▶ **Your assignment**
Line by line, copy the records below exactly and leave the pictures out.

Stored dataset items
Start of Block

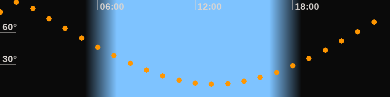 | Höchster Stand (Kulmination) | 01:11 Uhr (h = 89,4°) |
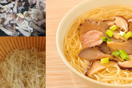 步骤1:你需要准备好蘑菇,猪肉以及挂面。蘑菇上面的杂质需要认真的处理干净,如果是大块的则需要用刀切成小块状,猪肉则需要用刀切成细条状。
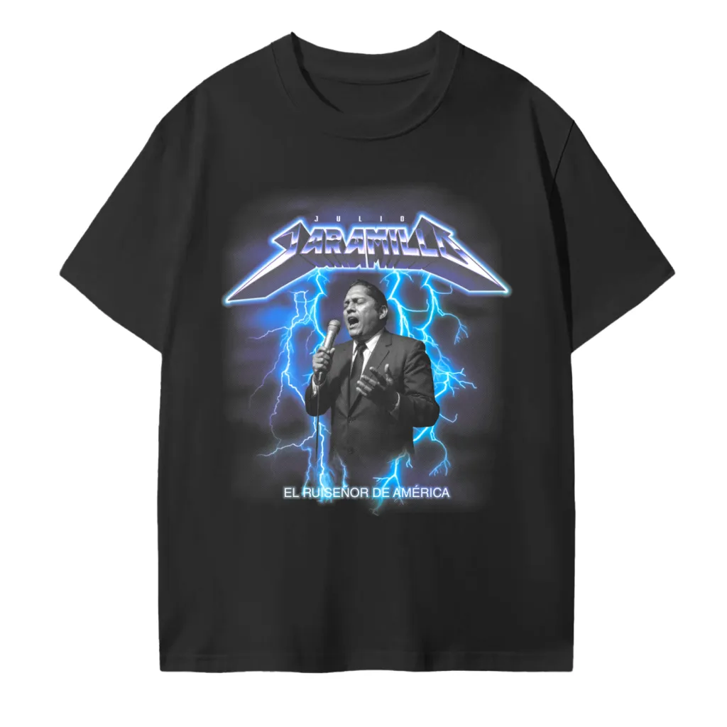 Camiseta Julio Jaramillo metal, el Ruiseñor de América, inspirada en icónico el diseño de la portada Ride the lightning de Metallica
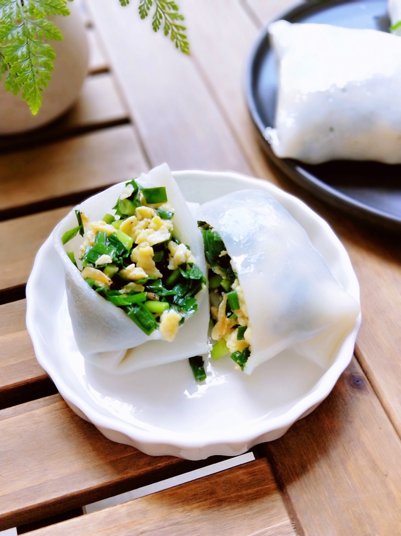 肠粉专用粉100g;韭菜120g;鸡蛋2个;
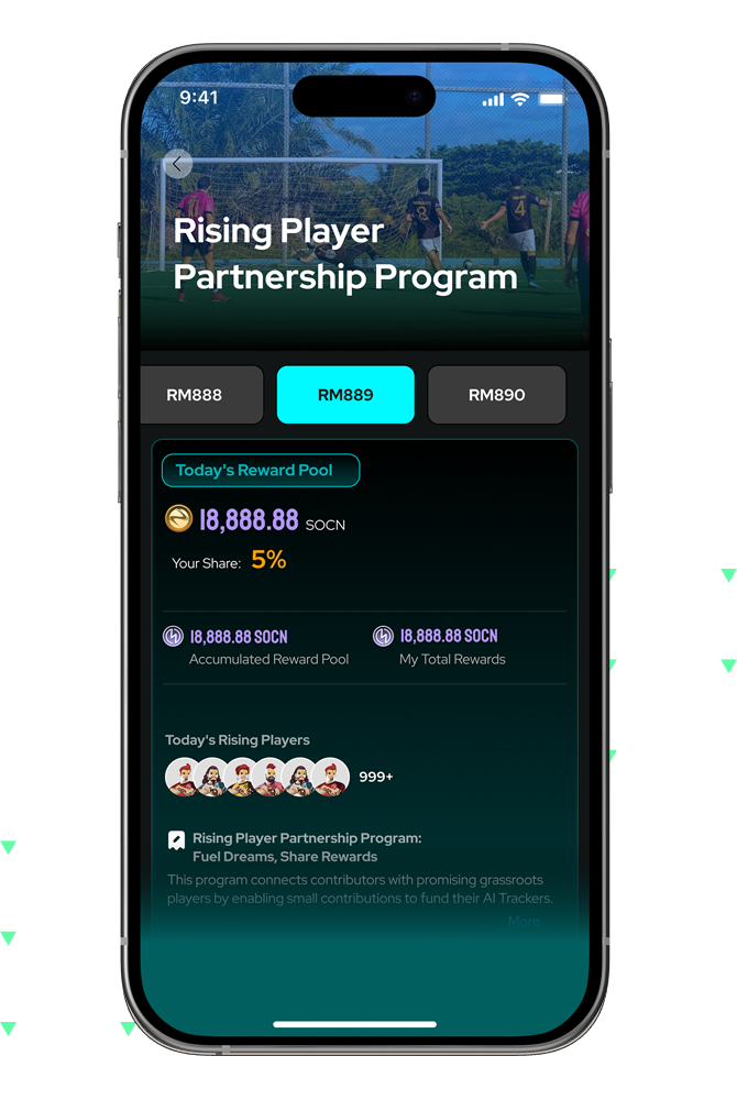 Back promising players through pooled contributions that fund AI Trackers. Share in their performance rewards and card royalties as they play and grow.

End of Block

▶ **Answer to this problem**
 | Höchster Stand (Kulmination) | 01:11 Uhr (h = 89,4°) |
 步骤1:你需要准备好蘑菇,猪肉以及挂面。蘑菇上面的杂质需要认真的处理干净,如果是大块的则需要用刀切成小块状,猪肉则需要用刀切成细条状。
 Camiseta Julio Jaramillo metal, el Ruiseñor de América, inspirada en icónico el diseño de la portada Ride the lightning de Metallica
 肠粉专用粉100g;韭菜120g;鸡蛋2个;
 Back promising players through pooled contributions that fund AI Trackers. Share in their performance rewards and card royalties as they play and grow.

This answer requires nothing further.